# [Exercise objective]
Every line below is to be set down again exactly; any image stays out.

# [Material provided]

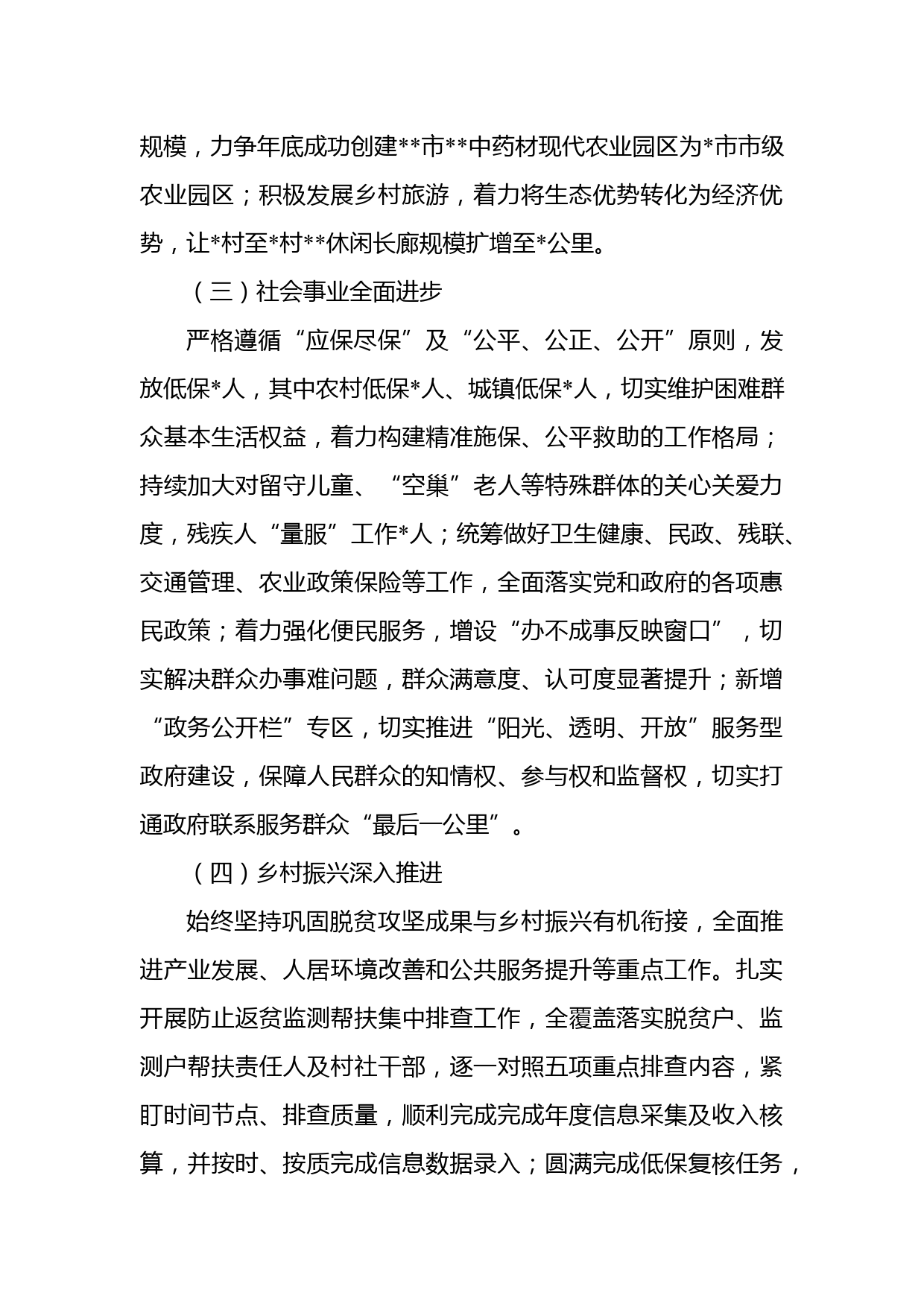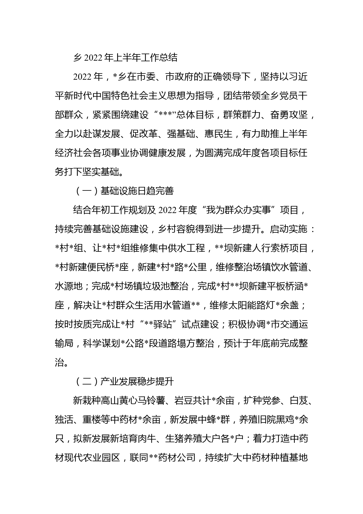 鄉(xiāng)2022年上半年工作總結2022年,鄉(xiāng)在市委、市政府的正確領導下,堅持以習近平新時代中國特色社會主義思想為指導,團結帶領全鄉(xiāng)黨員干部群眾,緊緊圍繞建設“”總體目標,群策群力、奮勇攻堅,全力以赴謀發(fā)展、促改革、強基礎、惠民生,有力助推上半年經濟社會各項事業(yè)協(xié)調健康發(fā)展,為圓滿完成年度各項目標任務打下堅實基礎。(一)基礎設施日趨完善結合年初工作規(guī)劃及2022年度“我為群眾辦實事”項目,持續(xù)完善基礎設施建設,鄉(xiāng)村容貌得到進一步提升。啟動實施:村組、讓村組維修集中供水工程,壩新建人行索橋項目,村新建便民橋座,新建村路公里,維修整治場鎮(zhèn)飲水管道...
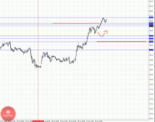 По паре Доллар/Франк и Евро/Доллар следим за развитием структуры от 15 июня. По паре Фунт/Доллар от 20 июня формируется потенциальная структура для движения книзу. По паре Доллар/Йена следим за восходящим циклом от 15 июня. По паре Евро/Йена следим за восходящей структурой от 18 июня, которую считаем локальной в масштабе Н1. По паре Фунт/Йена цели остались без изменения и здесь мы следим за локальной восходящей структурой от 15 июня.
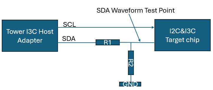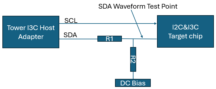 The first step is to connect the Tower I3C Host Adapter and the test chip as shown below, and add an adjustable resistor R1 and a fixed resistor R2 (1.5KΩ), and connect the DC Bias:
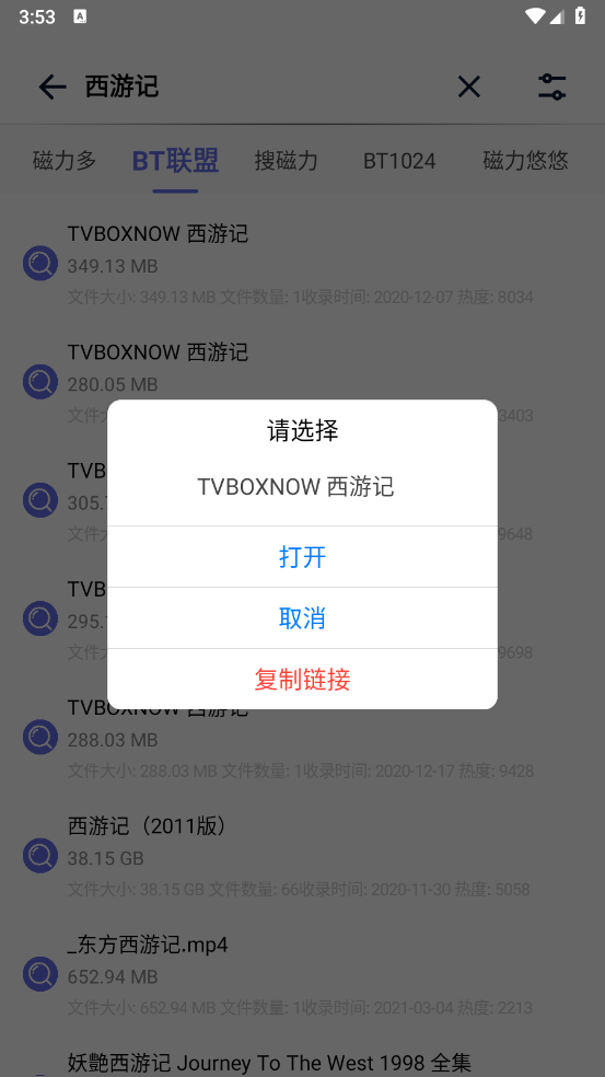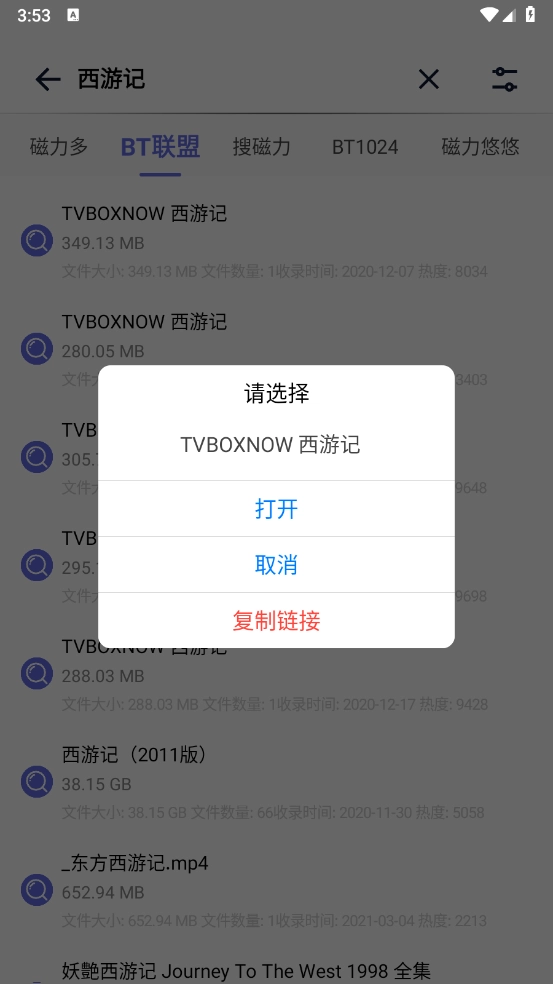 4、挑选所需资源后点击,可直接打开或复制链接。

# [Solved problem]
 鄉(xiāng)2022年上半年工作總結2022年,鄉(xiāng)在市委、市政府的正確領導下,堅持以習近平新時代中國特色社會主義思想為指導,團結帶領全鄉(xiāng)黨員干部群眾,緊緊圍繞建設“”總體目標,群策群力、奮勇攻堅,全力以赴謀發(fā)展、促改革、強基礎、惠民生,有力助推上半年經濟社會各項事業(yè)協(xié)調健康發(fā)展,為圓滿完成年度各項目標任務打下堅實基礎。(一)基礎設施日趨完善結合年初工作規(guī)劃及2022年度“我為群眾辦實事”項目,持續(xù)完善基礎設施建設,鄉(xiāng)村容貌得到進一步提升。啟動實施:村組、讓村組維修集中供水工程,壩新建人行索橋項目,村新建便民橋座,新建村路公里,維修整治場鎮(zhèn)飲水管道...
 По паре Доллар/Франк и Евро/Доллар следим за развитием структуры от 15 июня. По паре Фунт/Доллар от 20 июня формируется потенциальная структура для движения книзу. По паре Доллар/Йена следим за восходящим циклом от 15 июня. По паре Евро/Йена следим за восходящей структурой от 18 июня, которую считаем локальной в масштабе Н1. По паре Фунт/Йена цели остались без изменения и здесь мы следим за локальной восходящей структурой от 15 июня.
 The first step is to connect the Tower I3C Host Adapter and the test chip as shown below, and add an adjustable resistor R1 and a fixed resistor R2 (1.5KΩ), and connect the DC Bias:
 4、挑选所需资源后点击,可直接打开或复制链接。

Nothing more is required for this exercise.